1596–1687 Ottoman province in Hungary and Slovakia

Eğri Eyalet (ایالت اگیر; Eyālet-i Egīr, Egri vilajet, Jegarski ejalet or Јегарски ејалет) or Pashaluk of Eğri was an administrative territorial entity of the Ottoman Empire formed in 1596 with its capital at Eğri (Hungarian: Eger). It included parts of present-day Hungary and Slovakia.

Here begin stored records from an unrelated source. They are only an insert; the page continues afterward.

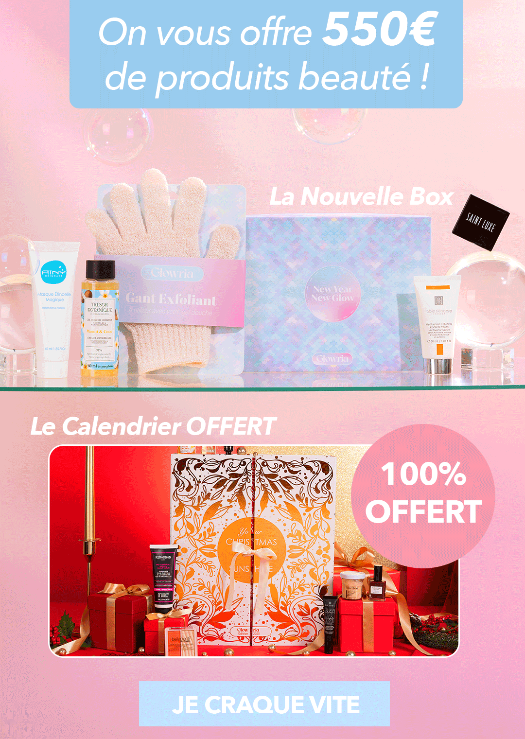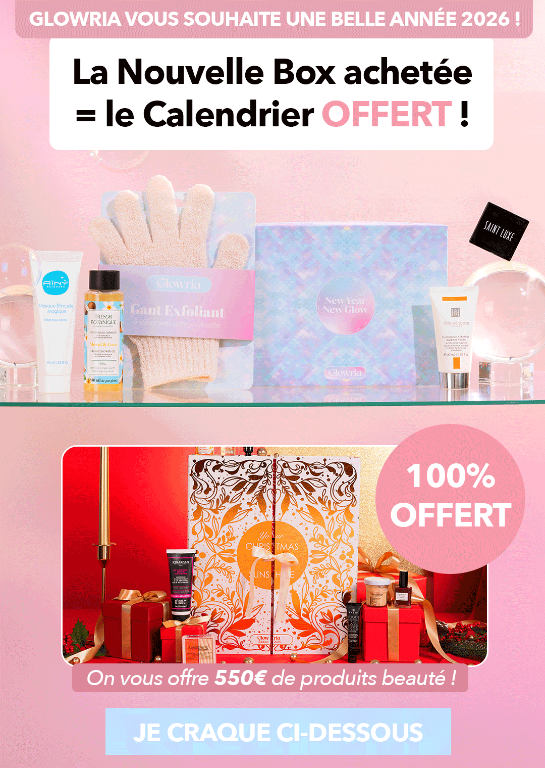 La Nouvelle Box achetée = le Calendrier 100% OFFERT ! On vous offre 550€ de produits pour démarrer l'année en beauté. Waouh !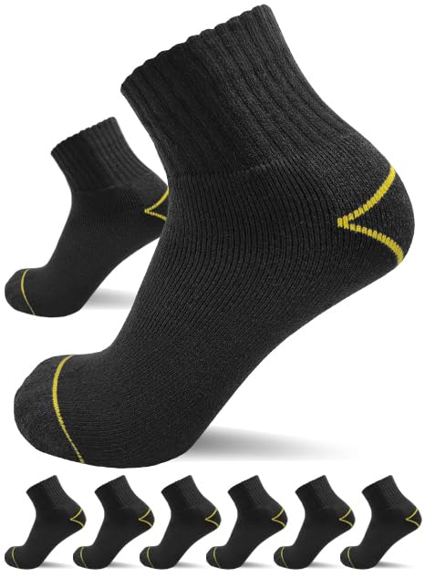 Discover the ultimate comfort and durability with Work Quarter Socks for Men. Made from a cotton-rich blend (75% cotton, 23% polyamide, 2% elastane), these half-height work socks are designed to provide long-lasting comfort for all-day wear. The reinforced heel and toe areas, along with a soft terry sole, prevent blisters and provide a cushioned fit. With an anti-odor cotton formula, they keep your feet fresh and dry, even during the longest shifts. Available in black and black/gray, these socks are perfect for work shoes, boots, or casual wear.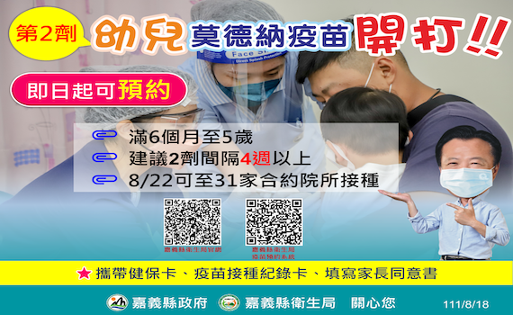 翁章梁縣長表示,6個月至5歲幼兒莫德納,自7月21日開打至今,嘉義縣已完成2,167人,第1劑與第2劑需間隔4-8週,為提供家長方便查詢接種資訊及提早預約,民眾可至嘉義縣疫苗預約系統預約,完整接種2劑才能提供完整保護力,相關接種資訊公布衛生局網站。
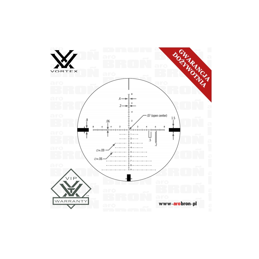 - Krzyż pozwala oszacować odległość od celu, opad pocisku na dowolnym powiększeniu i dokonać precyzyjnej korekty do wiatru.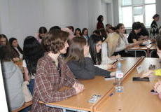1 апреля текущего года в СурГУ высадился профориентационный десант с учащимися общеобразовательных учреждений города Сургута и студентами направления лингвистики СурГУ для участия в мероприятии «Что, где, когда?», посвященного 80-летию победы в Великой отечественной войне.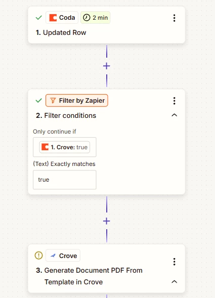 When I click or update a specific column in Coda (e.g., a checkbox called “Crove”), Zapier should trigger and create a draft document in Crove using an existing template, with the variables populated from the Coda row.
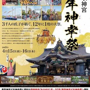 令和8年4月15日(水)16日(木)、香取市内で12年に一度の「香取神宮 式年神幸祭」が斎行されます。 この式年神幸祭は約800年の歴史を持ち、12年に一度の午年に行われる大祭です。 甲冑やお…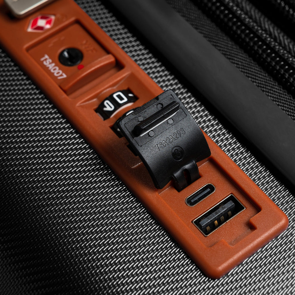 Built-in USB-A and USB-C ports in Carry-on for on-the-go charging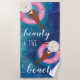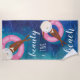 Super cute and fun ocean beach themed beach towel perfect for ocean & beach lovers. Design features our hand-drawn deep blue and turquoise water ripple and water waves artwork with our hand-drawn African American woman floating on a pink pool float. "Beauty and the beach" is designed in a stylish script and hand-lettering text pairing. Personalize the lady's beach hats with your name. Artwork by Moodthology Papery.
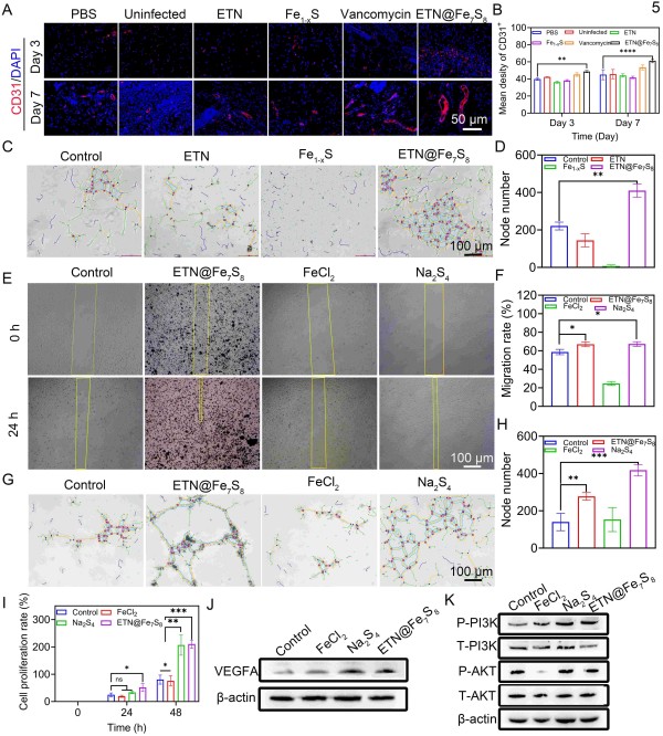 ETN@Fe7S8通过释放多硫激活PI3K/AKT通路,显著促进血管生成,全面优化伤口微环境,实现高效组织修复。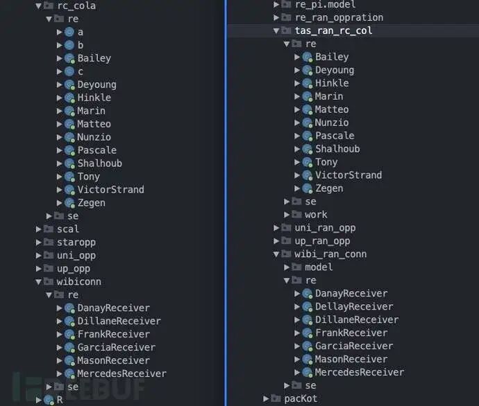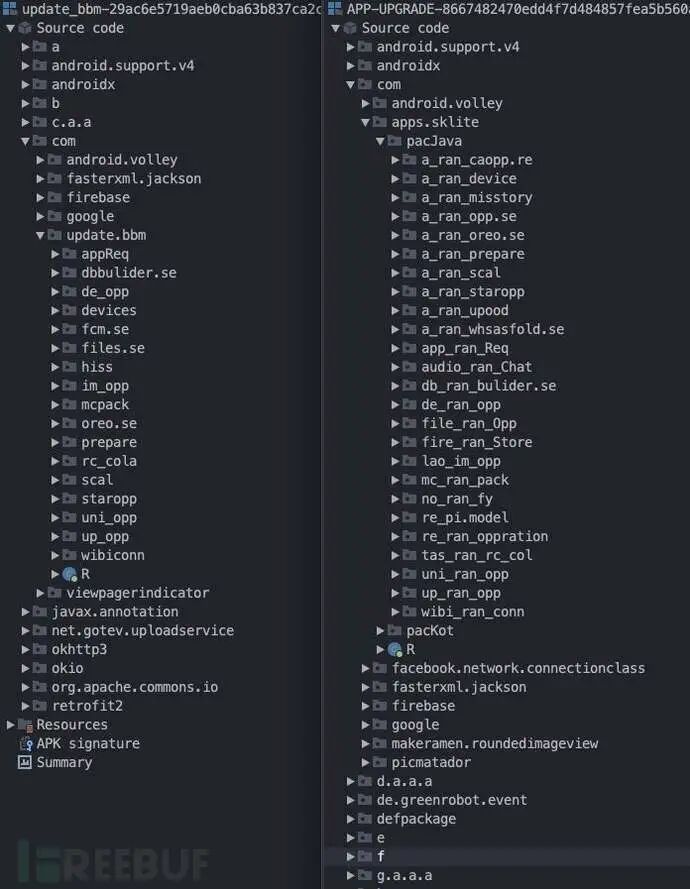 研究人员将将这些新版本与旧的SpyC23变种进行比较后发现,包名也有明显的重复,这也表明了新版与旧版之间的紧密联系。在下图中,左边的旧版本在update.bbm包中包含恶意代码,而右边的版本在apps.sklite.pacJava包中也包含了类似的子包: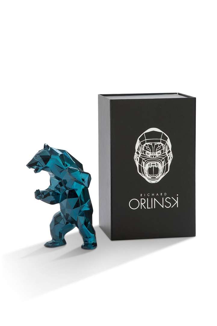 Sculpture en résine bleu pétrole. Dans sa boîte d'origine.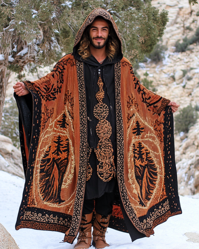 Men's ethnic style autumn and winter hooded jacket 37a2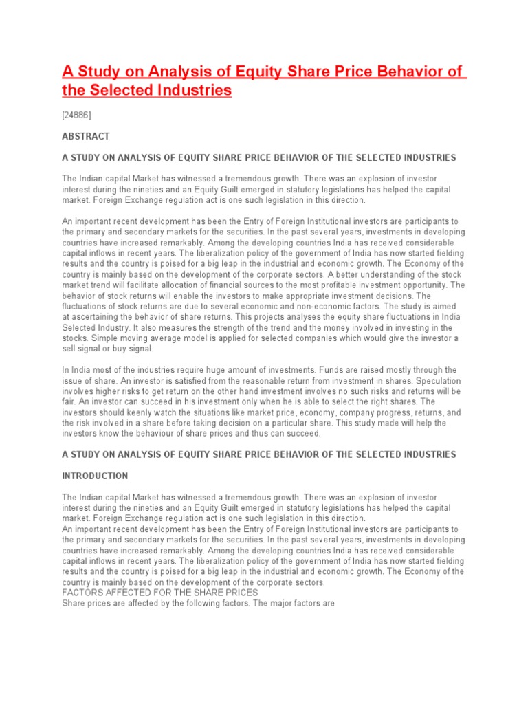 A Study On Analysis Of Equity Share Price Behavior Of The Selected

The population of the province was ethnically and religiously diverse and included Slovaks and Hungarians (living mainly in the north), Serbs (living mainly in the south), and Muslims of various ethnic origins (living mainly in the cities). Other ethnic communities included Jews and Romani.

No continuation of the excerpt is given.